Los menos eficientes deben su prosperidad a las tasas de capitalización que generan los más productivos, eventualmente como una consecuencia no buscada pero inexorable pues esa es la razón y la causa de la suba de salarios. Solo por eso es que los ingresos de Alemania son más elevados que los de Uganda, no es porque los alemanes sean más generosos y los ugandeses más avaros, es por la diferente inversión per capita.
No es reclamando que se lesione el derecho de quienes crearon riqueza lícitamente la forma de prosperar, sino contribuyendo a crear el propio patrimonio sirviendo a otros.
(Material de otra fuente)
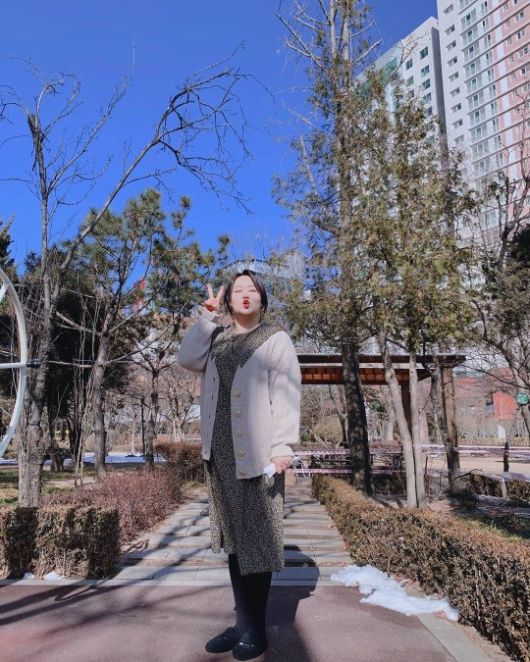 사진 속 하재숙은 원피스에 카디건을 입고 다소 추운 패션을 하고 있다. 하재숙은 입술을 내밀고 귀여운 표정을 짓고 있다.

Hoy resulta en verdad triste el espectáculo que ofrecen debates de candidatos a cargos electivos que reinciden en errores gruesos de tiempo inmemorial que han empobrecido a los pueblos.
Entre nosotros Juan Bautista Alberdi insistía en preguntarse y responderse: “¿Qué exige la riqueza de parte de la ley para producirse y crearse? Lo que Diógenes exigía de Alejandro: que no le haga sombra.” Y los postulados de los Padres Fundadores en Estados Unidos consideraban fundamental el derecho de propiedad, de responsabilidad individual y de desconfianza del poder gubernamental. James Madison –el padre de la Constitución que los argentinos en su momento tomamos como modelo– escribió en 1792: “El gobierno ha sido instituido para proteger la propiedad de todo tipo […] Éste es el fin del gobierno, solo un gobierno es justo cuando imparcialmente asegura a todo hombre lo que es suyo”
Cuando los aparatos estatales se inmiscuyen en la propiedad interviniendo en los precios inexorablemente se desdibujan las únicas señales con que cuentan los operadores económicos para asignar los siempre escasos factores productivos y, por tanto, el consiguiente derroche contrae los salarios e ingresos en términos reales.
En otras palabras, el dogma Montaigne ha nublado la visión para adoptar medidas liberalizadoras no solo en el contexto interno del país en cuestión sino también referidas a las falacias tejidas en torno al comercio exterior con lo que se bloquea el mercado cambiario y consecuentemente se distorsionan las importaciones y las exportaciones.